> _WHAT YOU SHOULD DO_
Any pictures in the records below must be left out when you repeat the lines from the line containing "DIN Rail Mount" through the line containing "dissociated whenthetemperaturereachesat90(X)K. Fig.1.6" exactly.

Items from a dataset
##############################

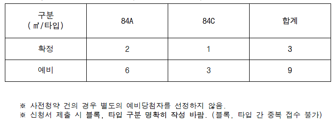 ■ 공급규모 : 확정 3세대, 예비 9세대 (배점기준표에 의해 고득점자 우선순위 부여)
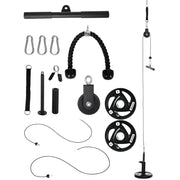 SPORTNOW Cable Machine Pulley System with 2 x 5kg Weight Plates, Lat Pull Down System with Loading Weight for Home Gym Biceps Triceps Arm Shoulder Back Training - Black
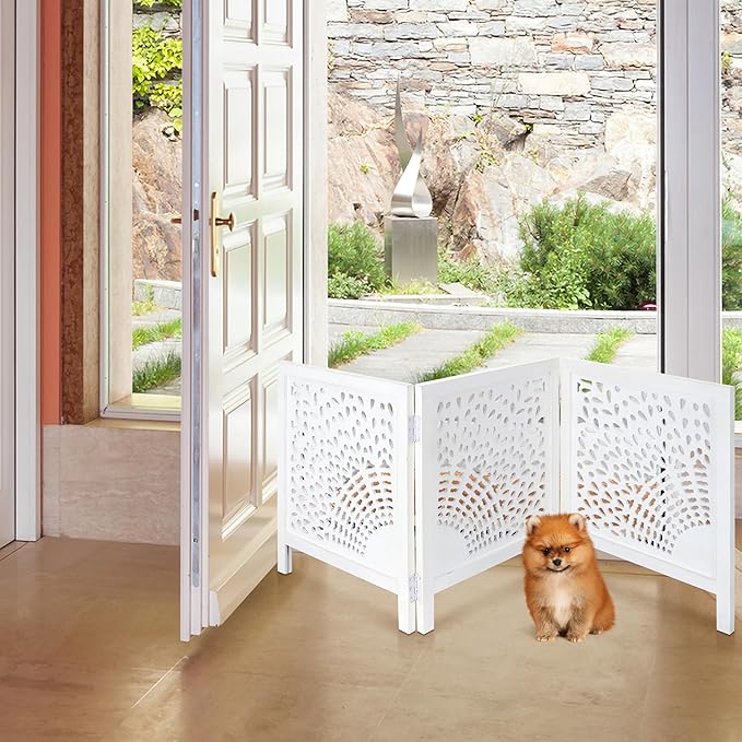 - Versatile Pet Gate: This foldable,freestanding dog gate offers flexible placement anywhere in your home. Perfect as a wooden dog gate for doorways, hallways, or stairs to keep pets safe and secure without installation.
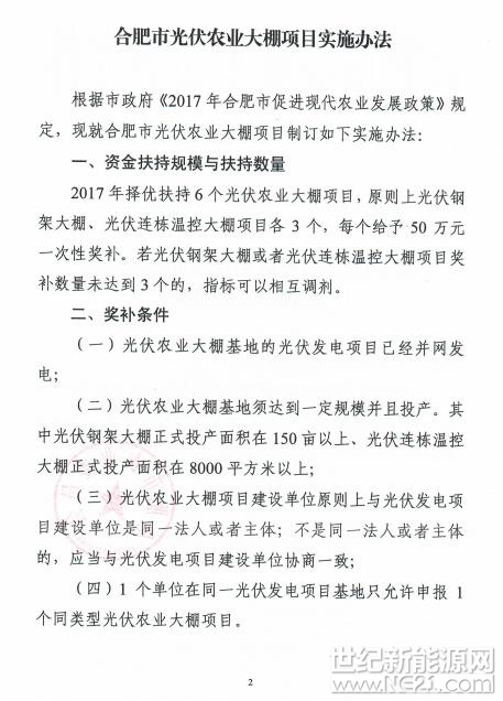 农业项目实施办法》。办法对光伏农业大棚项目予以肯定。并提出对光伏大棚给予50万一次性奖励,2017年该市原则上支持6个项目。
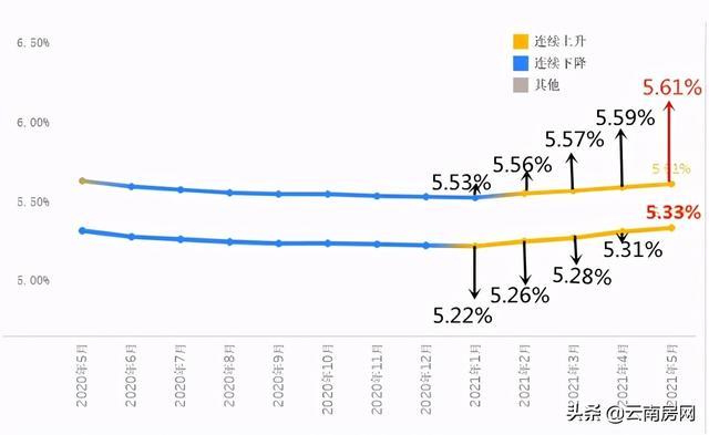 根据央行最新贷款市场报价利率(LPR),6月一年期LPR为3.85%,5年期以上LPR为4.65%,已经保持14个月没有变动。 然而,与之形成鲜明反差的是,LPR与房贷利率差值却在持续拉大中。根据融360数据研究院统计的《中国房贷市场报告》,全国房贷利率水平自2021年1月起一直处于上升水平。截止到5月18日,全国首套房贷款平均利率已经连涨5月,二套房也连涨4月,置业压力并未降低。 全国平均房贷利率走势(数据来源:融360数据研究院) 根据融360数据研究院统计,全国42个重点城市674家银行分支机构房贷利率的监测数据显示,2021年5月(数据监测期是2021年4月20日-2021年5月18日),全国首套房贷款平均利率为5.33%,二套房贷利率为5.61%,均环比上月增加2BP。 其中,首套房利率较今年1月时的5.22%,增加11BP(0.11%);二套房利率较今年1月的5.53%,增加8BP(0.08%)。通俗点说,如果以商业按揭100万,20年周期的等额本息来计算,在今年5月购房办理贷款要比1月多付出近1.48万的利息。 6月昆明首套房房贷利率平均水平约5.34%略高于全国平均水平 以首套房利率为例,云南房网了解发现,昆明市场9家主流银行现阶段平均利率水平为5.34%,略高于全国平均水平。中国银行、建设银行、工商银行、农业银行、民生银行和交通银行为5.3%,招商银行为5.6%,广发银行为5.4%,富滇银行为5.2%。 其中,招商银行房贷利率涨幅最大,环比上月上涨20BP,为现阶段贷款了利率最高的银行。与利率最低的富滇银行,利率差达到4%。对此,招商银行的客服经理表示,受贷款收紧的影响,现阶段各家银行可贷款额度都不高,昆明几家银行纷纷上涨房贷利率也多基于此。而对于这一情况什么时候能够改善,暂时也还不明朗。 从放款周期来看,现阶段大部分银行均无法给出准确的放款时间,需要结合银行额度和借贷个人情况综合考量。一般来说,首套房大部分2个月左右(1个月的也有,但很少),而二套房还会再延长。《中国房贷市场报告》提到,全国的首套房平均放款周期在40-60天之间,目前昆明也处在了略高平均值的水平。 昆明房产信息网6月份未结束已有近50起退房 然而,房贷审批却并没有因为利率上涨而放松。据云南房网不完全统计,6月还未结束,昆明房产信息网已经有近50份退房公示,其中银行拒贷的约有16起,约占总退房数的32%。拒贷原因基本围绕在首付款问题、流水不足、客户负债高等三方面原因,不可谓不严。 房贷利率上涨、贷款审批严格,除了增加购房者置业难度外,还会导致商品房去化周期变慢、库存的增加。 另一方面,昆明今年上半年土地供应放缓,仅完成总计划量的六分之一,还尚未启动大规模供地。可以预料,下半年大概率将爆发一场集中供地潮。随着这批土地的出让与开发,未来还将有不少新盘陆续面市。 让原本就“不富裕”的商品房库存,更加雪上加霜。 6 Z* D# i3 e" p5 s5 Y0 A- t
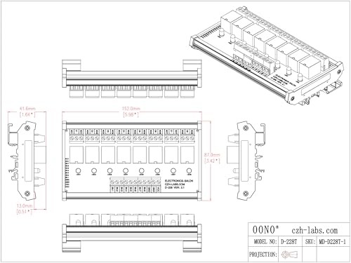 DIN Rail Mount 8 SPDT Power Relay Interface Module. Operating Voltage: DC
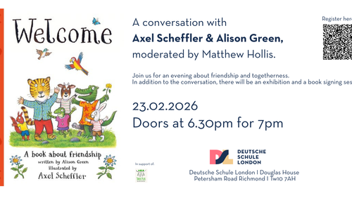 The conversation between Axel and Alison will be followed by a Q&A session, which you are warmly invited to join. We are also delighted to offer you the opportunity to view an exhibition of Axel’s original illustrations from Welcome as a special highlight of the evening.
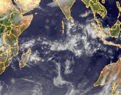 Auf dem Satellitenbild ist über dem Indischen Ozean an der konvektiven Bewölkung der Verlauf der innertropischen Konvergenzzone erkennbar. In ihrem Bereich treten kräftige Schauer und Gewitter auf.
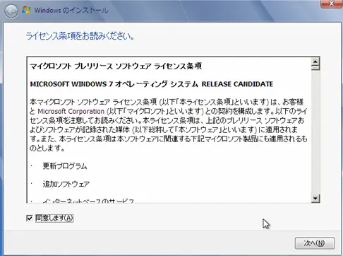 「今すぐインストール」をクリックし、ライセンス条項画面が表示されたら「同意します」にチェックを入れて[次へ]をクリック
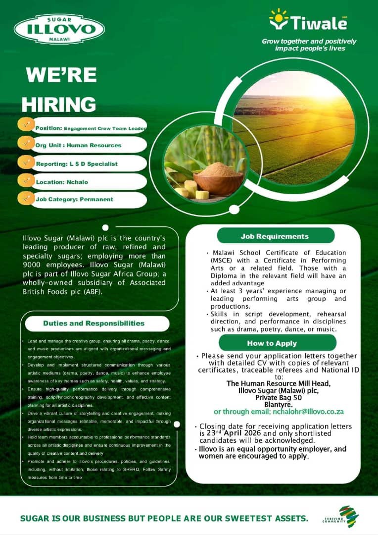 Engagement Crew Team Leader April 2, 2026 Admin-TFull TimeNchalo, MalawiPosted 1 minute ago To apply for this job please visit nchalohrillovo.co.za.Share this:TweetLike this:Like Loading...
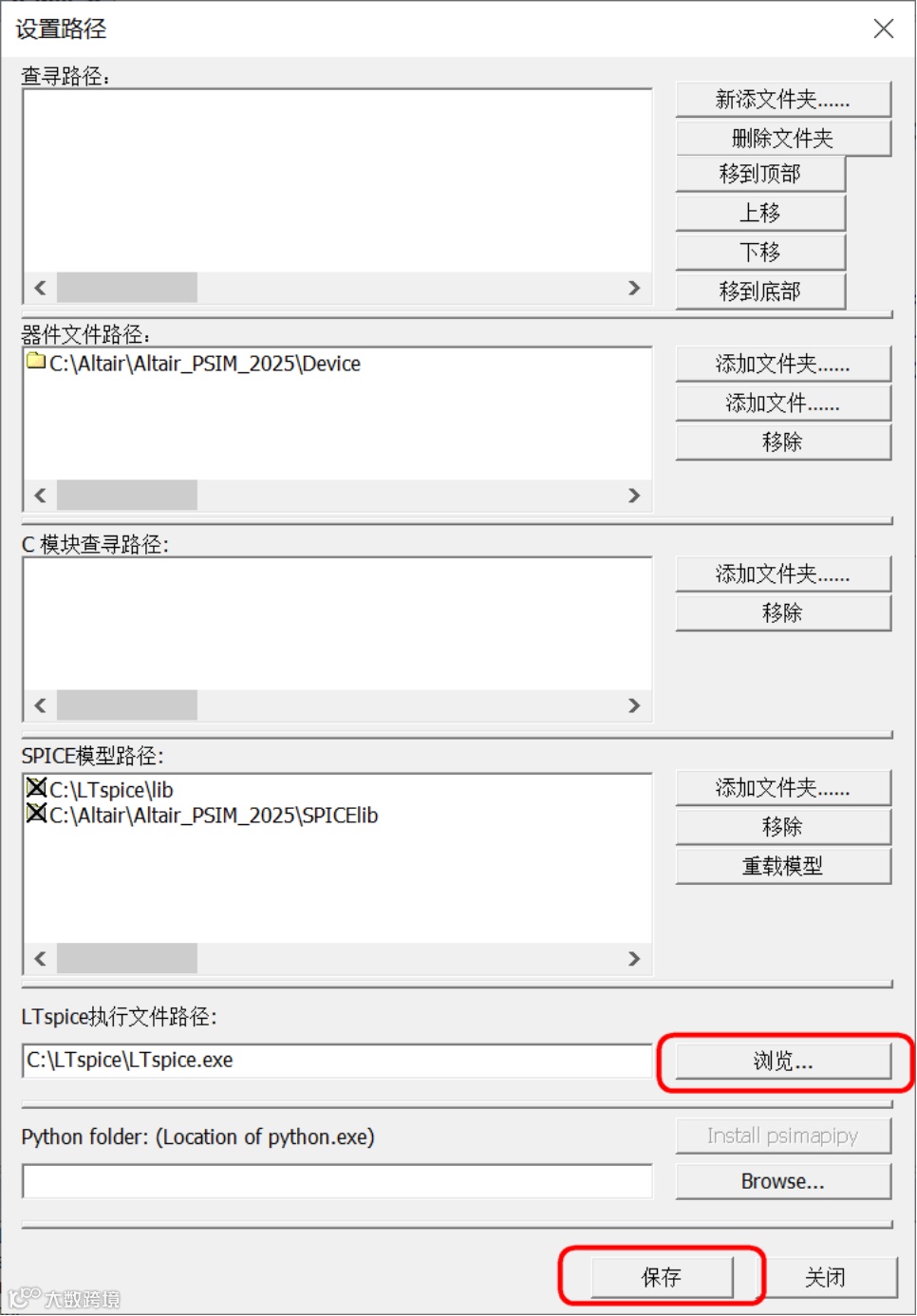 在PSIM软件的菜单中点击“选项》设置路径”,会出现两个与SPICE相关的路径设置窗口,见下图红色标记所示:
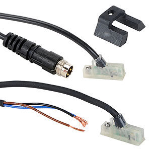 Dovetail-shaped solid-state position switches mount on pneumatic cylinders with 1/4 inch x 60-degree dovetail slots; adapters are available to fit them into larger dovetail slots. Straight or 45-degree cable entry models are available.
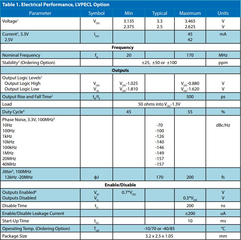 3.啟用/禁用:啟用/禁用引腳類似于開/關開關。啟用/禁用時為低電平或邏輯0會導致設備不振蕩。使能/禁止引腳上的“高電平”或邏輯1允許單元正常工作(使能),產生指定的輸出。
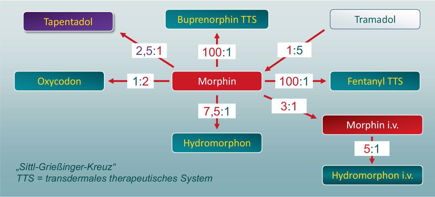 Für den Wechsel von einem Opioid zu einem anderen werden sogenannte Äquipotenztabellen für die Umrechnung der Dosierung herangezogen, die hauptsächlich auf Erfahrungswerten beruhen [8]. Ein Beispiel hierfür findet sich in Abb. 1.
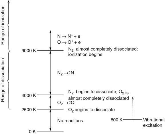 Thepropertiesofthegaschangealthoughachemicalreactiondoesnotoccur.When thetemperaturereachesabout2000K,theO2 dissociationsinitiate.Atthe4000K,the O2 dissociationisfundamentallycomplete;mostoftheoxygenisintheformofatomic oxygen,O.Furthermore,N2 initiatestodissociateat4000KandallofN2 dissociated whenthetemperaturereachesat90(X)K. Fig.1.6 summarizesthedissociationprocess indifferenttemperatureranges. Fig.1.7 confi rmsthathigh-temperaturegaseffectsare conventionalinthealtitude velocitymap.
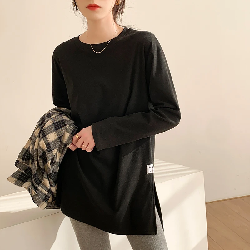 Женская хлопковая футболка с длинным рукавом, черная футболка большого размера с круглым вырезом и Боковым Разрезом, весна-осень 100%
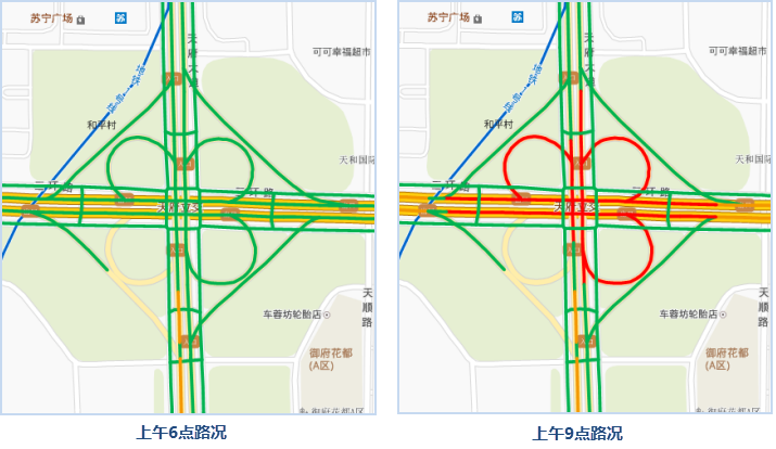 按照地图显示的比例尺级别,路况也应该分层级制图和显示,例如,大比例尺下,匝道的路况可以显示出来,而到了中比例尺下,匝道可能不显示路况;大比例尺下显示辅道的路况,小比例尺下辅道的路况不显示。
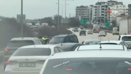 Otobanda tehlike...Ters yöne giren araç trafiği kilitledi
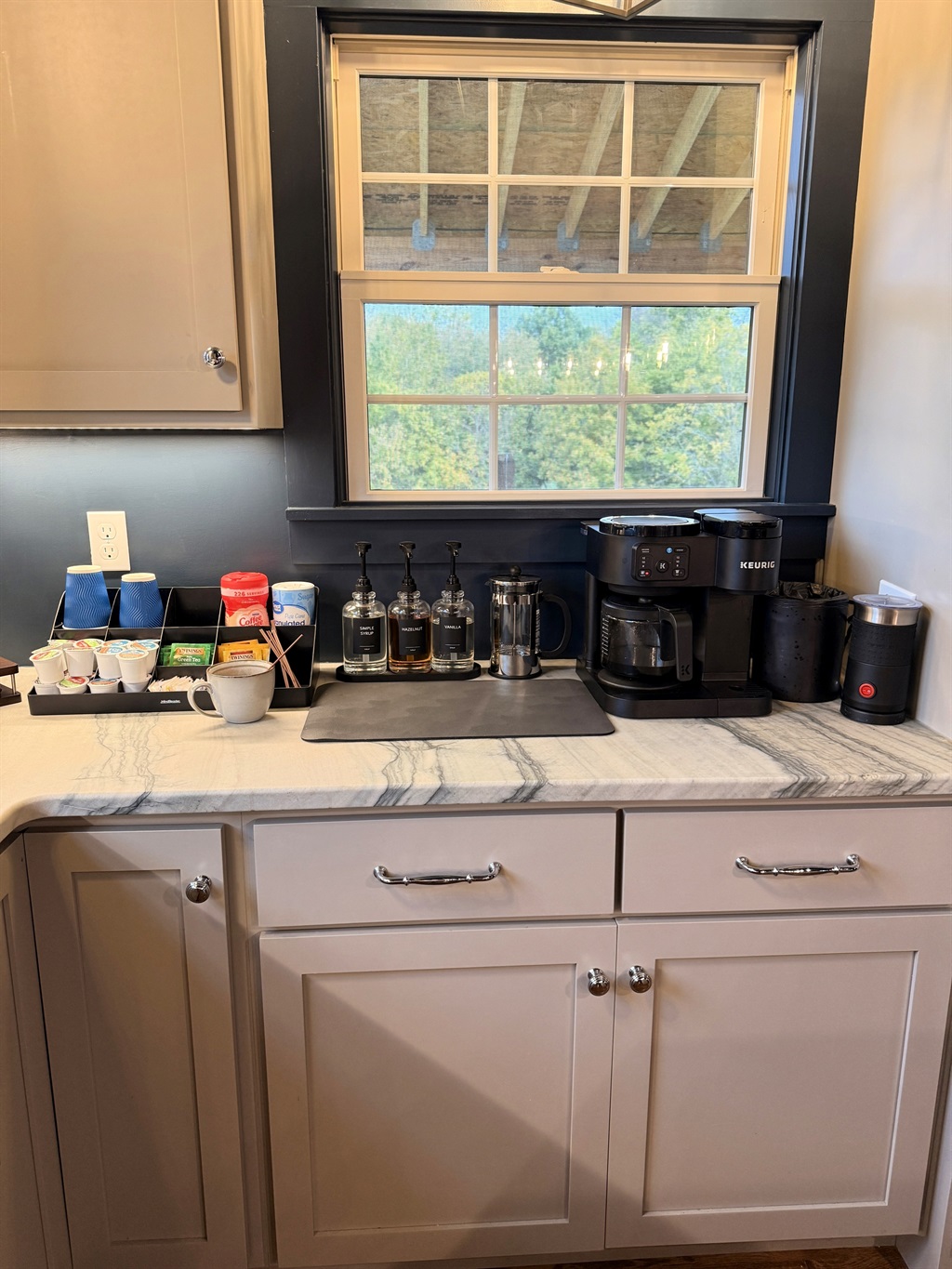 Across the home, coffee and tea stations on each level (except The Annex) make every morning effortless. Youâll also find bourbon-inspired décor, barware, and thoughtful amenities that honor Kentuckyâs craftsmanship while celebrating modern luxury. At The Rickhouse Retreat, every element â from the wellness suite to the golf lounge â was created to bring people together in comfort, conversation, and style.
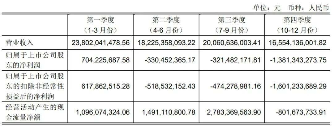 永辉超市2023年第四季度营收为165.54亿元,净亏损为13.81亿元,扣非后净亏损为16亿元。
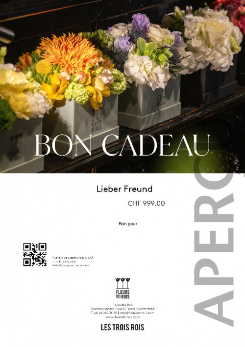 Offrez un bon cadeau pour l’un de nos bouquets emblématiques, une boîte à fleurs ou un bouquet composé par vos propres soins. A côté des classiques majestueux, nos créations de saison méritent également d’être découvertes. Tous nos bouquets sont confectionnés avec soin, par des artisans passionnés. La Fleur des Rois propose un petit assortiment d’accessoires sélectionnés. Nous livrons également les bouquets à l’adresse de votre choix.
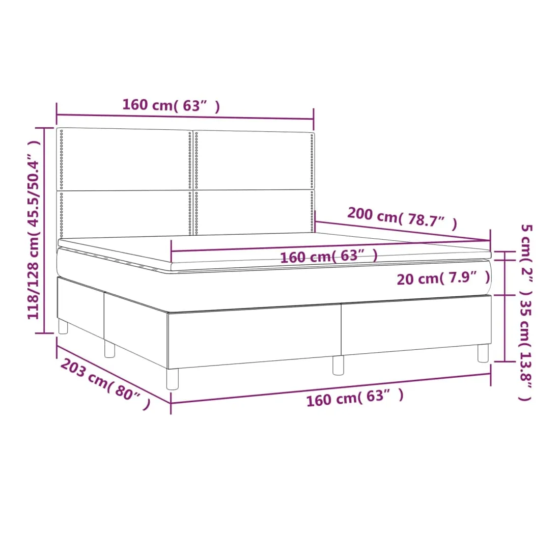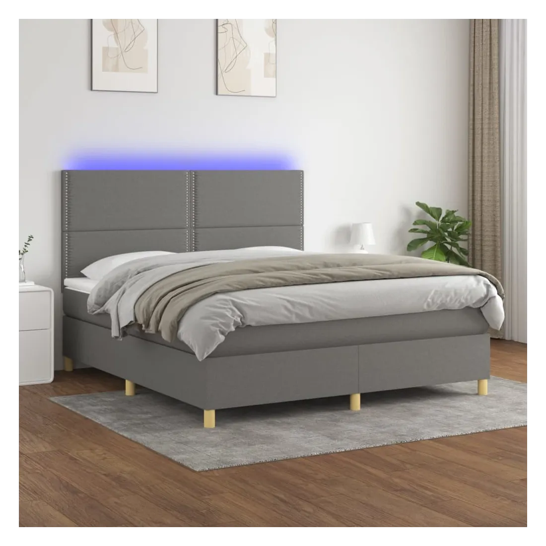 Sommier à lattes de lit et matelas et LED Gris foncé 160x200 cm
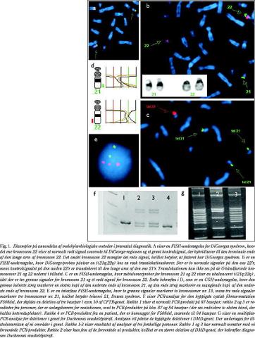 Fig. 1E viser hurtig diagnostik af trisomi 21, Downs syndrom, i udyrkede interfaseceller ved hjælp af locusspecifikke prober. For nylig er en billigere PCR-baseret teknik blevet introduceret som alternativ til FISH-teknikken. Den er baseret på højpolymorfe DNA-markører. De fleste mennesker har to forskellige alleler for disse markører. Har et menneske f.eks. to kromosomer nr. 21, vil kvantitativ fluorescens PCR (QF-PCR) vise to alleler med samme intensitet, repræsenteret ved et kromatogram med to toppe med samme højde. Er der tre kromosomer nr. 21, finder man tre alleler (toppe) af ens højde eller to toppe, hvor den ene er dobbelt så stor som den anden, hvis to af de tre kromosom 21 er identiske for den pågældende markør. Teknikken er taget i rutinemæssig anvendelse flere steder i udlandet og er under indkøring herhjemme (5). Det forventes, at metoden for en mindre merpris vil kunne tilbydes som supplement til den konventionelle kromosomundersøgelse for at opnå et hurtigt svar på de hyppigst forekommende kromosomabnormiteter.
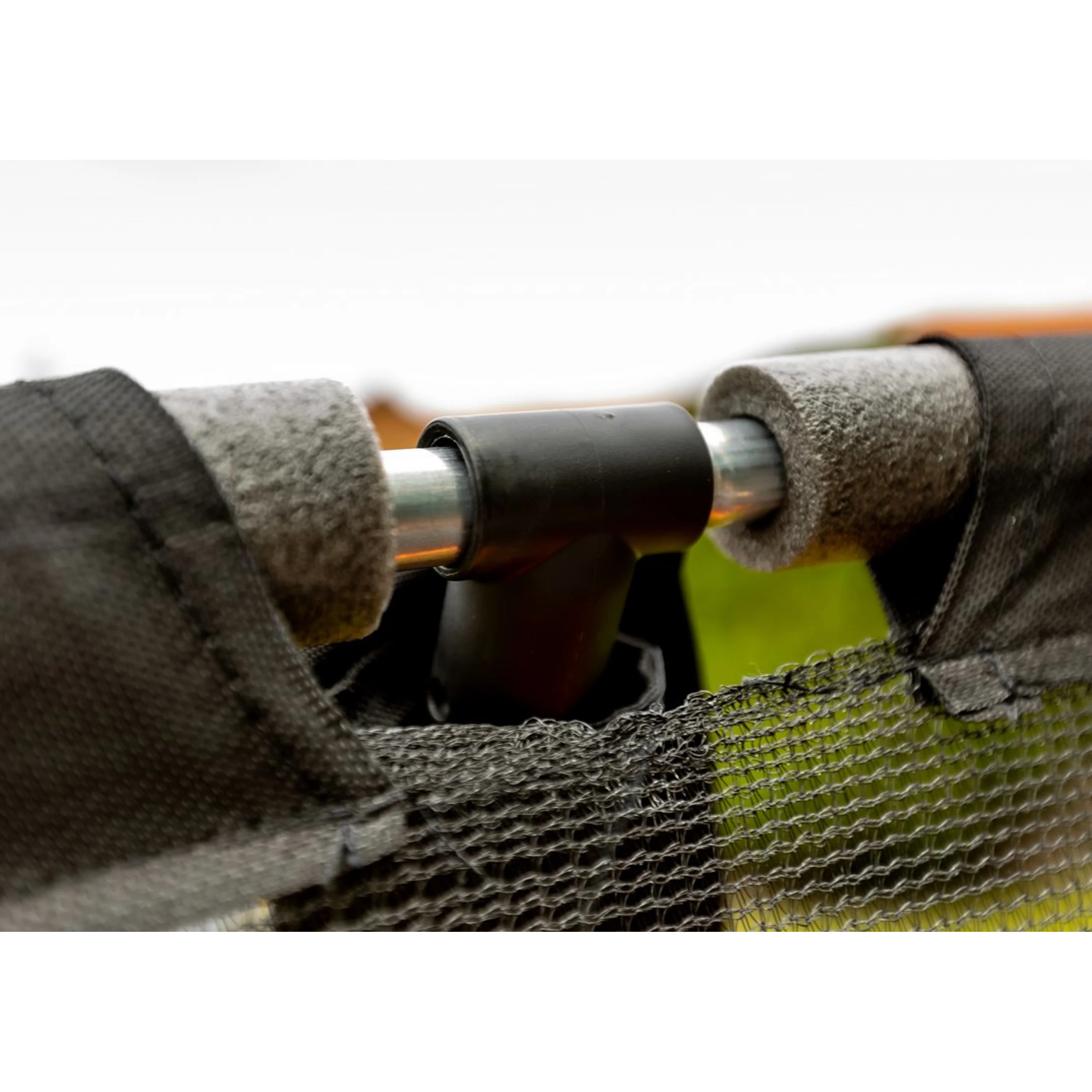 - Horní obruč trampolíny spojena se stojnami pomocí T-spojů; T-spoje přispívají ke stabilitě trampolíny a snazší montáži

##############################

> _RESPONSE AREA_
 DIN Rail Mount 8 SPDT Power Relay Interface Module. Operating Voltage: DC
 The conversation between Axel and Alison will be followed by a Q&A session, which you are warmly invited to join. We are also delighted to offer you the opportunity to view an exhibition of Axel’s original illustrations from Welcome as a special highlight of the evening.
 Auf dem Satellitenbild ist über dem Indischen Ozean an der konvektiven Bewölkung der Verlauf der innertropischen Konvergenzzone erkennbar. In ihrem Bereich treten kräftige Schauer und Gewitter auf.
 「今すぐインストール」をクリックし、ライセンス条項画面が表示されたら「同意します」にチェックを入れて[次へ]をクリック
 Engagement Crew Team Leader April 2, 2026 Admin-TFull TimeNchalo, MalawiPosted 1 minute ago To apply for this job please visit nchalohrillovo.co.za.Share this:TweetLike this:Like Loading...
 在PSIM软件的菜单中点击“选项》设置路径”,会出现两个与SPICE相关的路径设置窗口,见下图红色标记所示:
 Dovetail-shaped solid-state position switches mount on pneumatic cylinders with 1/4 inch x 60-degree dovetail slots; adapters are available to fit them into larger dovetail slots. Straight or 45-degree cable entry models are available.
 3.啟用/禁用:啟用/禁用引腳類似于開/關開關。啟用/禁用時為低電平或邏輯0會導致設備不振蕩。使能/禁止引腳上的“高電平”或邏輯1允許單元正常工作(使能),產生指定的輸出。
 Für den Wechsel von einem Opioid zu einem anderen werden sogenannte Äquipotenztabellen für die Umrechnung der Dosierung herangezogen, die hauptsächlich auf Erfahrungswerten beruhen [8]. Ein Beispiel hierfür findet sich in Abb. 1.
 Thepropertiesofthegaschangealthoughachemicalreactiondoesnotoccur.When thetemperaturereachesabout2000K,theO2 dissociationsinitiate.Atthe4000K,the O2 dissociationisfundamentallycomplete;mostoftheoxygenisintheformofatomic oxygen,O.Furthermore,N2 initiatestodissociateat4000KandallofN2 dissociated whenthetemperaturereachesat90(X)K. Fig.1.6 summarizesthedissociationprocess indifferenttemperatureranges. Fig.1.7 confi rmsthathigh-temperaturegaseffectsare conventionalinthealtitude velocitymap.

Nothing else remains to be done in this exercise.